===== Data supplied

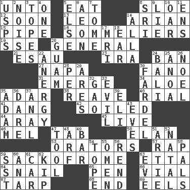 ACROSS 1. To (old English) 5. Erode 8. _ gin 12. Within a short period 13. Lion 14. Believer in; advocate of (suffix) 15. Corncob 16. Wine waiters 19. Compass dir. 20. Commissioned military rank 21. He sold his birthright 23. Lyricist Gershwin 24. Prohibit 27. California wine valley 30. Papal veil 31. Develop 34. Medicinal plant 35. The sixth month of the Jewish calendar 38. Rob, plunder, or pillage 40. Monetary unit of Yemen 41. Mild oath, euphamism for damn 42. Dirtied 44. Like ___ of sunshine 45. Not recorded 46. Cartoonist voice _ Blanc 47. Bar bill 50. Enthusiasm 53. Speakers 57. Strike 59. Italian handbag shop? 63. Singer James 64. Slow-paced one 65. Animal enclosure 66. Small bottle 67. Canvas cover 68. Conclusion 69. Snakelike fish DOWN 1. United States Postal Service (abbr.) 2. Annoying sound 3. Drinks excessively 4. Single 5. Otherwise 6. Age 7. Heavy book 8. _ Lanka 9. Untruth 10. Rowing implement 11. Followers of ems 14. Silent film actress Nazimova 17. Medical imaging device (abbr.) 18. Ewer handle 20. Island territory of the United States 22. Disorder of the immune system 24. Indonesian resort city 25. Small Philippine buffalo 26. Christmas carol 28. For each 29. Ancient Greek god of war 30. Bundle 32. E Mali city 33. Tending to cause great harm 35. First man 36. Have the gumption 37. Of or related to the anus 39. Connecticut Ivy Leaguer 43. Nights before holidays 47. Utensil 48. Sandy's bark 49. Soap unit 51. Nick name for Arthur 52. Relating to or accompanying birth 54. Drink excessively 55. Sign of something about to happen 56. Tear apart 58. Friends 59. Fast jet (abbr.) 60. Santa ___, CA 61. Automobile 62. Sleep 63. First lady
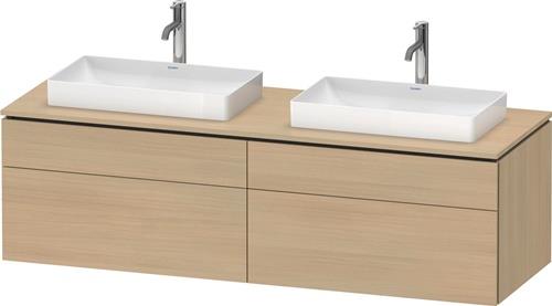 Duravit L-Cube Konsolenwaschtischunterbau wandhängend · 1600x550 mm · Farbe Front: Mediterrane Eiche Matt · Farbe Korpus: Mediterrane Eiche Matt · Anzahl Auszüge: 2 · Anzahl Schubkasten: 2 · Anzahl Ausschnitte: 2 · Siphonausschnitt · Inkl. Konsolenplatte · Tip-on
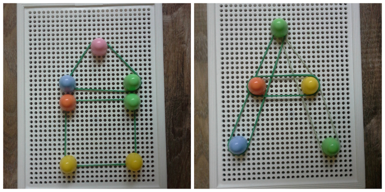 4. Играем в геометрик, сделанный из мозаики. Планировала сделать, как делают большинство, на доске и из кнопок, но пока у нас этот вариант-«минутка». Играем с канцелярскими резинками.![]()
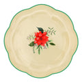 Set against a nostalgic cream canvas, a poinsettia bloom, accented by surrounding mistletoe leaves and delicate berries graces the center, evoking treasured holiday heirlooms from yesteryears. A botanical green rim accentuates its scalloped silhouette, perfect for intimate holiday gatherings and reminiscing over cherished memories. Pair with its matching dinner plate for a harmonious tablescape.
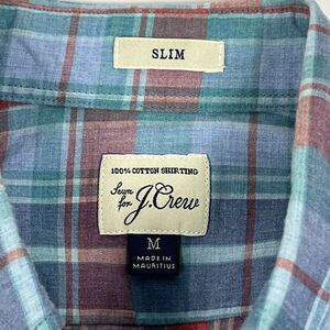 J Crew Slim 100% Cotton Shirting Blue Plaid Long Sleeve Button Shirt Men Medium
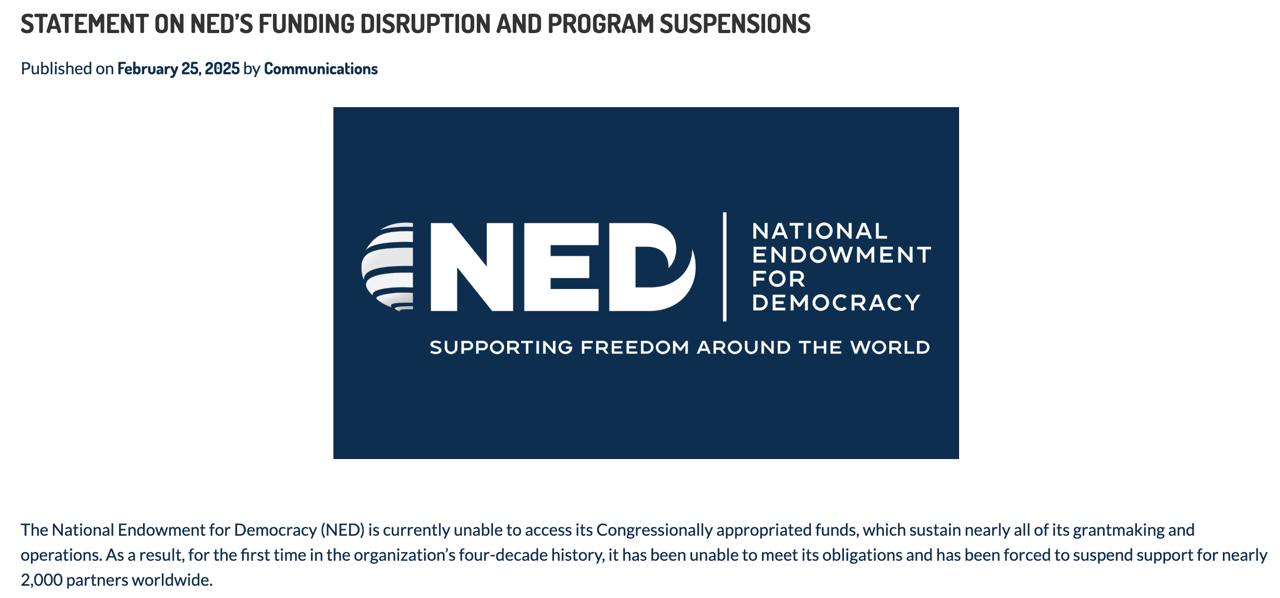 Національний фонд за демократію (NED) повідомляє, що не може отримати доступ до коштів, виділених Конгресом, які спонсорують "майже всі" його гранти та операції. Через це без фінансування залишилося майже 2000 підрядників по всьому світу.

==========

• [Task instructions]
When copying from the data above, begin at the line containing "Duravit L-Cube Konsolenwaschtischunterbau" and end at the line containing "4. Играем в"; return those lines exactly and leave all pictures behind.

• [Response to the exercise]
 Duravit L-Cube Konsolenwaschtischunterbau wandhängend · 1600x550 mm · Farbe Front: Mediterrane Eiche Matt · Farbe Korpus: Mediterrane Eiche Matt · Anzahl Auszüge: 2 · Anzahl Schubkasten: 2 · Anzahl Ausschnitte: 2 · Siphonausschnitt · Inkl. Konsolenplatte · Tip-on
 4. Играем в геометрик, сделанный из мозаики. Планировала сделать, как делают большинство, на доске и из кнопок, но пока у нас этот вариант-«минутка». Играем с канцелярскими резинками.![]()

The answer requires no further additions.